Foreign direct investment and green innovation: Regional disparities and panel quantile regression analysis from China's coastal and inland areas
DOI:
https://doi.org/10.20448/ajeer.v12i2.7939Keywords:
China, Coastal area, Foreign direct investment, Green innovation, Inland area, Quantile regression.Abstract
This study discusses the role of Foreign Direct Investment (FDI) in China's Green Innovation (GI) in coastal and inland areas, especially regional disparities. Quantile regression is used to study the panel data of 31 provinces (2010-2020) to explore the impact of FDI on GI at different stages of development. Key variables are FDI, financial development, industrialization, service sector growth, trade, and cultural environment. The results indicate that FDI significantly increases GI, especially in regions of inland areas with low innovation. In coastal areas, however, the effect of FDI on GI lessens as the local industries excel in green technologies. Financial development improves GI in the coastal regions; industrialization and service sector growth have mixed results.
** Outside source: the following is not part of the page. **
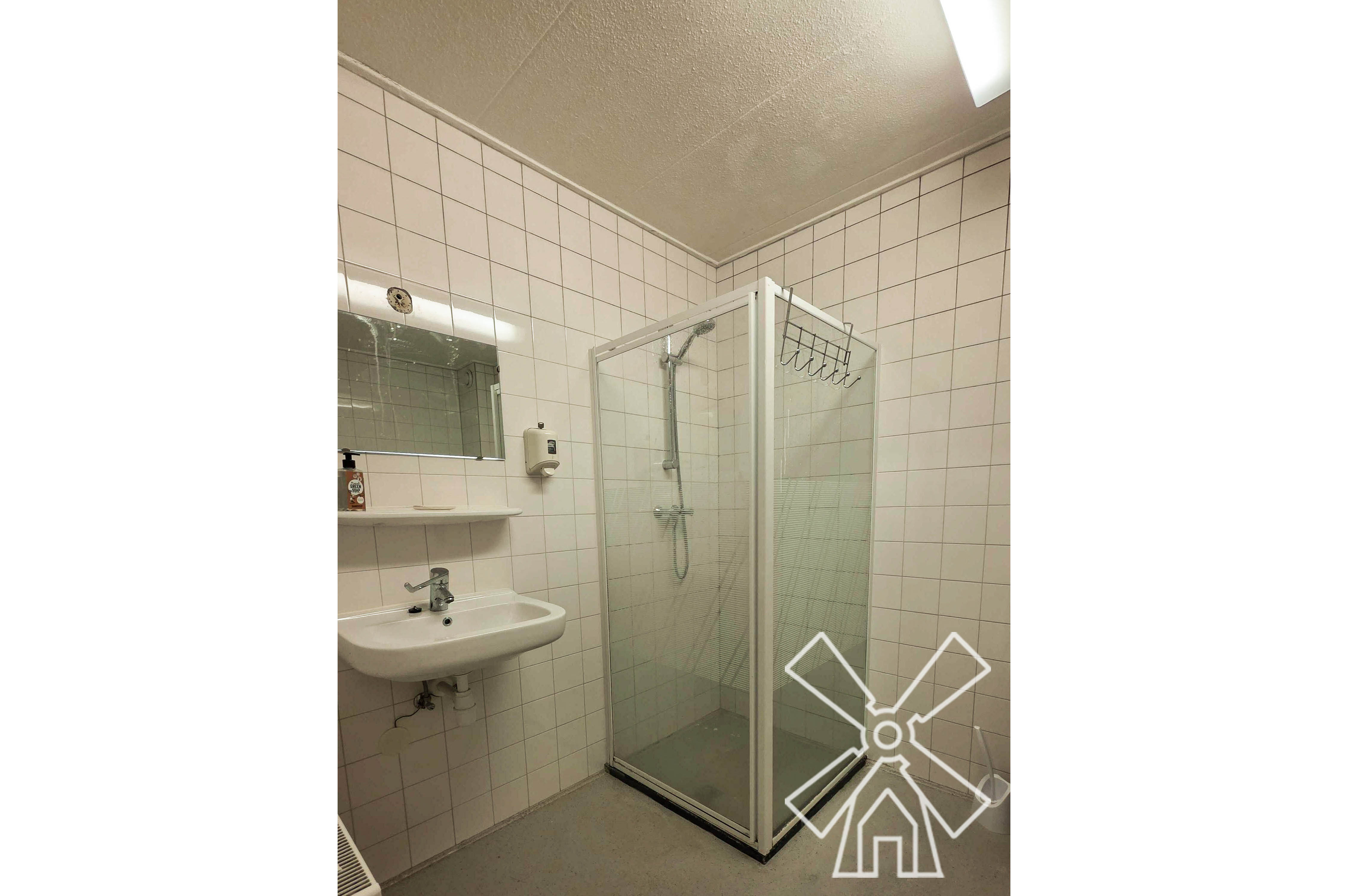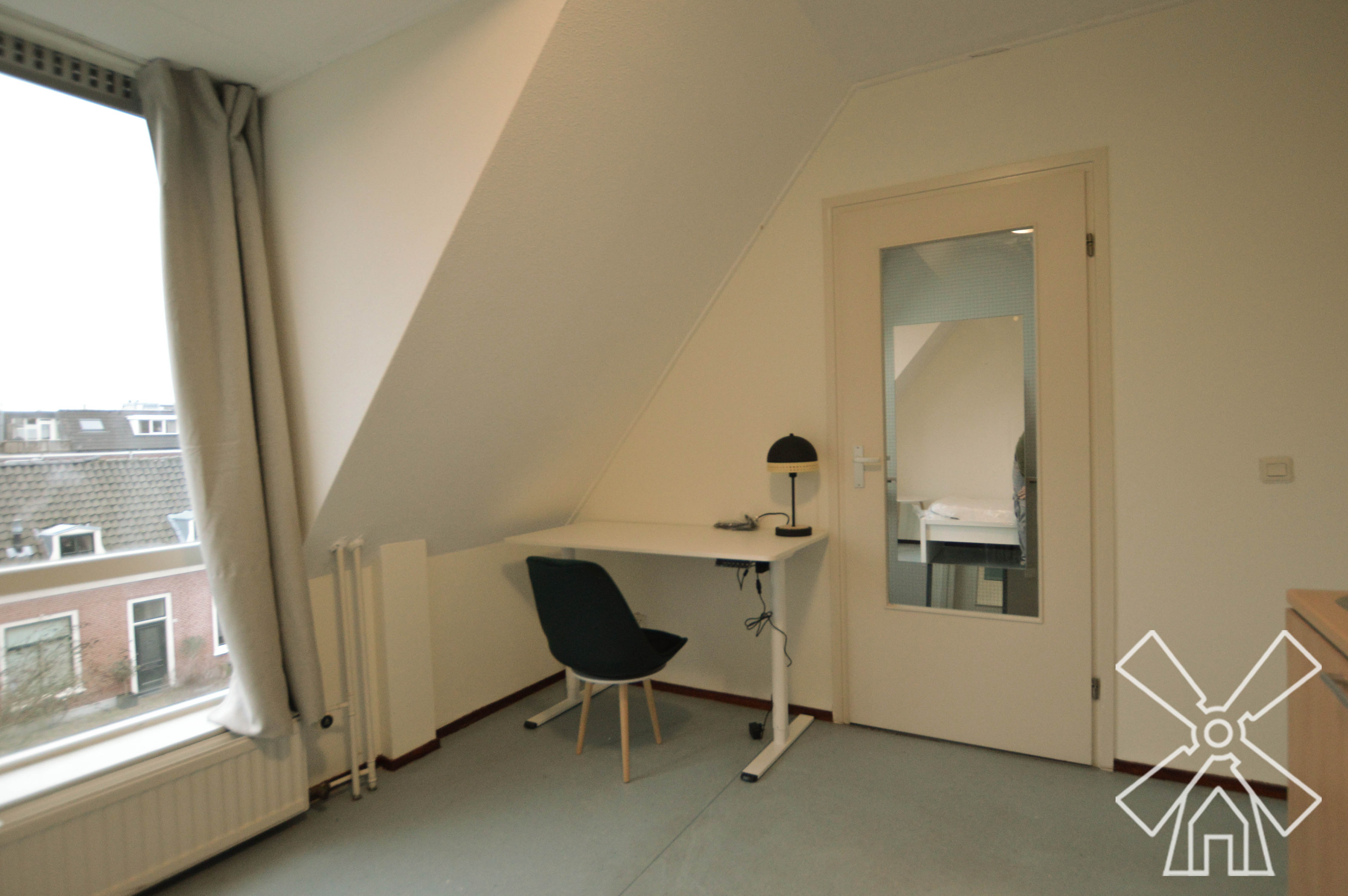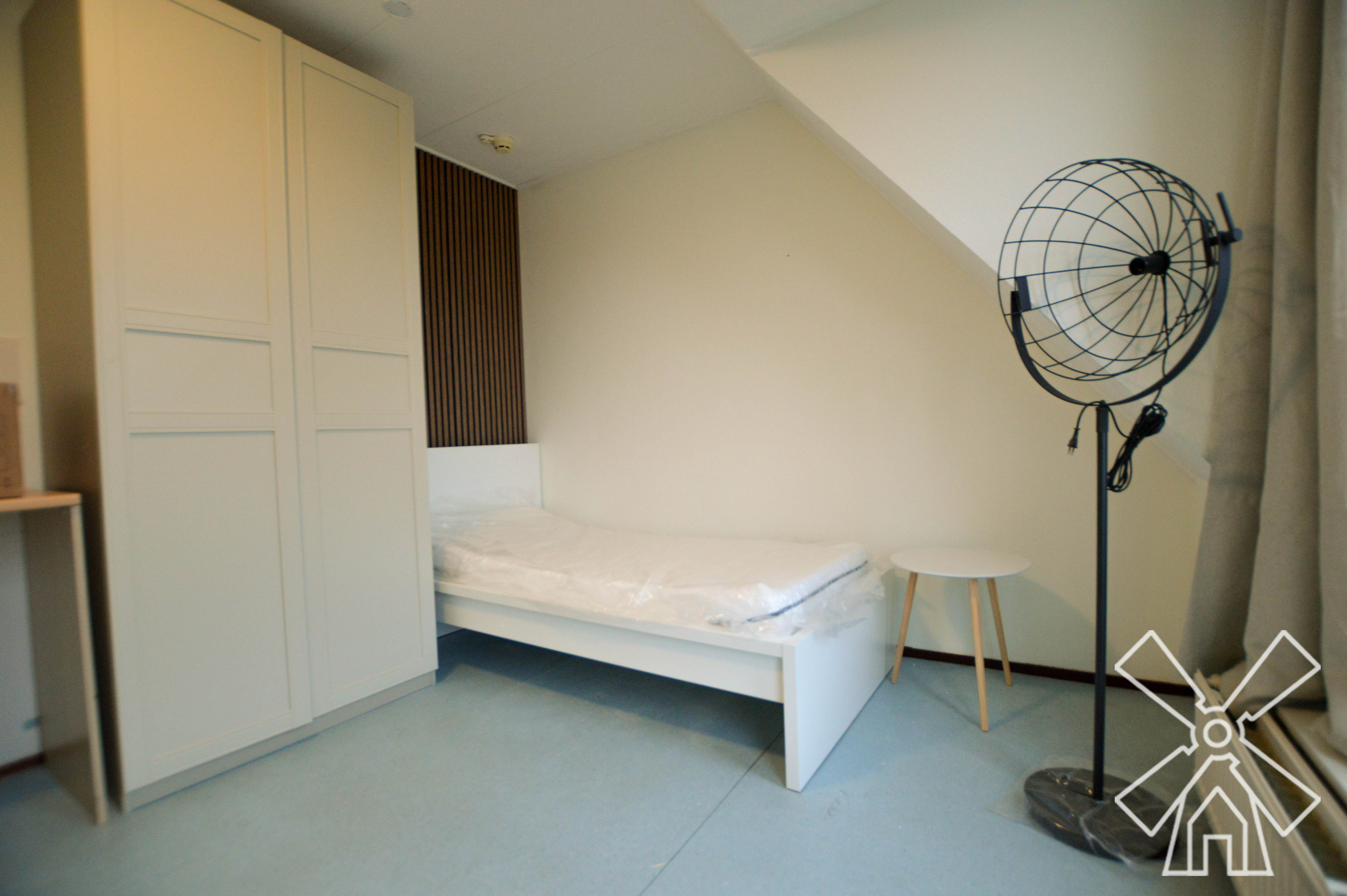 This accommodation features a slanted ceiling and light gray flooring, furnished with a single bed, a two-door wardrobe, a desk with an office chair, and a small side table. More features include a desk lamp, a floor fan, and a radiator installed below large windows with curtains. The compact utility area includes a cabinet with a stainless steel sink and countertop, a microwave, and a wardrobe. Sections of vertical wooden slats are visible behind the bed. In addition, the bathroom features white tiled walls, a glass-enclosed shower, a toilet, and a sink.
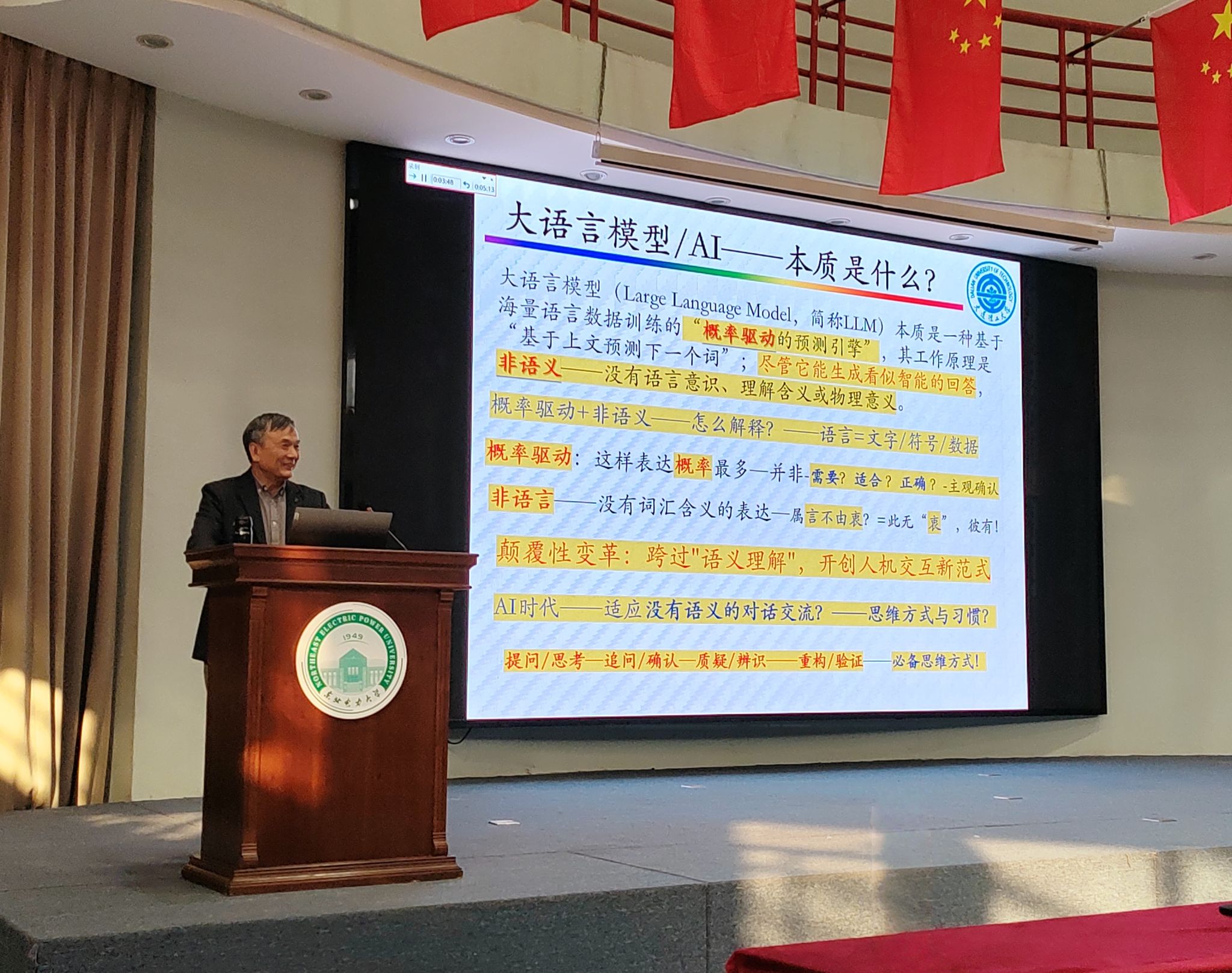 王德伦教授以“新工科机械基础课程AI大模型教学模式研究与初步实践”为题,结合其新工科机械基础课程项目式教学研究成果,系统阐述了AI大模型在教学中的定位、应用路径及实践成效。报告中,他从大语言模型概述入手,深入分析了AI大模型与课程教学的融合方式,重点介绍了基于AI大模型的机械原理教学设计,并以“行走机器人机构运动学分析”为例,现场展示了课堂教学的实际应用案例。报告中,王德伦教授还展示了新工科项目式教学模式下本科生的优秀作品,生动体现了AI赋能教学创新的良好效果,引发了在场师生的浓厚兴趣与热烈掌声。

Policymakers should focus their FDI strategies on areas of lower innovation in order to enact sustainable development. Future research needs to consider the global relevance of the results by looking at countries with different economic backgrounds and examining the long-term effects of FDI, taking into account government policies and environmental regulations. This study contributes to the understanding of the dynamics of FDI and GI in China, which can provide information applicable to the development of sustainable growth policies.